No terceiro dia: os moleques agiram do mesmo modo, desengatando o comboio e foi a mesma confusão. Na quarta e última noite, o povo veio trazê‑los. Eles entraram, assentaram-se. A máquina apitou, o povo aplaudiu, mas... o trem saiu em silêncio, os músicos não tocaram!
A
Aos sessenta e cinco anos, fizeram uma grande festa, onde o senhor Franck batizou-se na igreja católica, e naturalizou-se brasileiro. Com isto, a coroa inglesa suspendeu a gorda mesada que lhe dava. Ficou muito doente. Indo ao médico, recebeu a recomendação de andar todos os dias. Nessa caminhada, o seu filho de treze anos sempre o acompanhava. Certo dia, não queria sair, mas a esposa insistiu, pois era para o seu próprio bem. Quando chegou na porta, em vez de sair, virou-se para dentro de casa, mas, Dona Alexandrina, com todo carinho, virou-o de novo em direção da rua.

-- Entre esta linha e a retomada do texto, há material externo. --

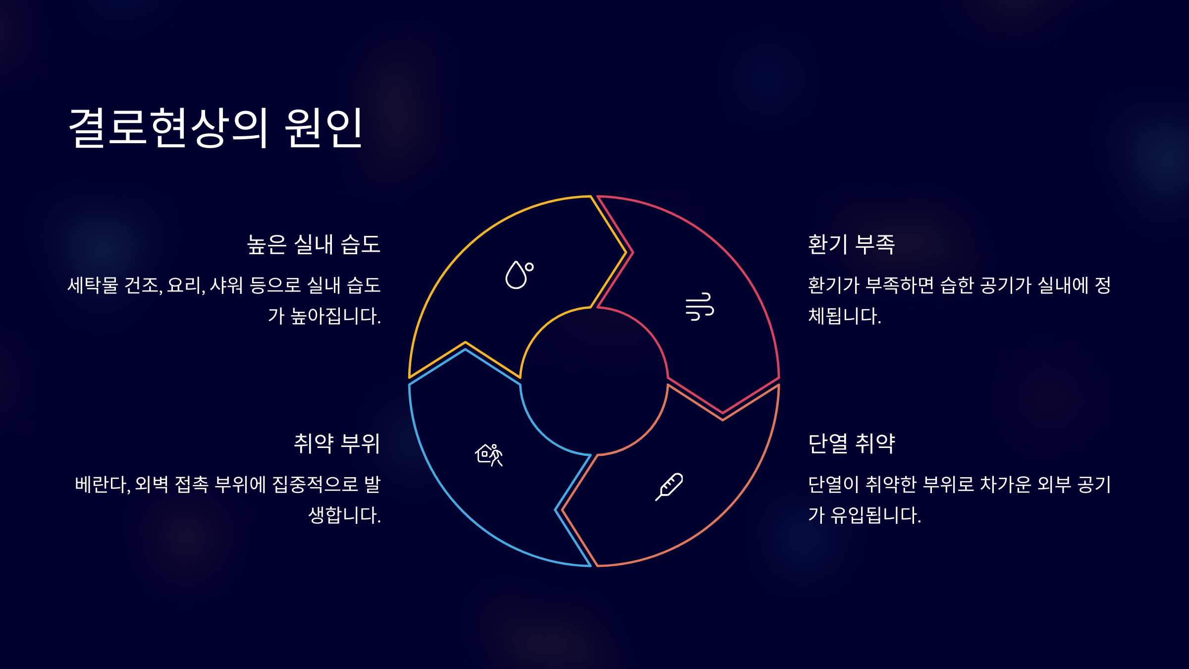 | 장소 | 창틀, 벽지, 옷장 | 단열 부족 | 아침, 저녁 | 건강 문제 |

Quando ele pôs o pé na calçada, caiu morto. Luiz gritou, e, quando acudiram, saiu dando pulos altos pela rua, sem saber porque, estava fazendo aquilo.
A
Com apenas treze anos, Luiz, com a morte do pai, foi obrigado a enfrentar a vida, para ajudar à mãe. Arranjou um emprego como contínuo em uma firma, e lá sofreu muita desigualdade, sendo muito perseguido por todos os funcionários, mesmo os de menor importância. Lá, ele tinha como obrigação: lavar as privadas, varrer, e fazer entrega de documentos, cartas, etc.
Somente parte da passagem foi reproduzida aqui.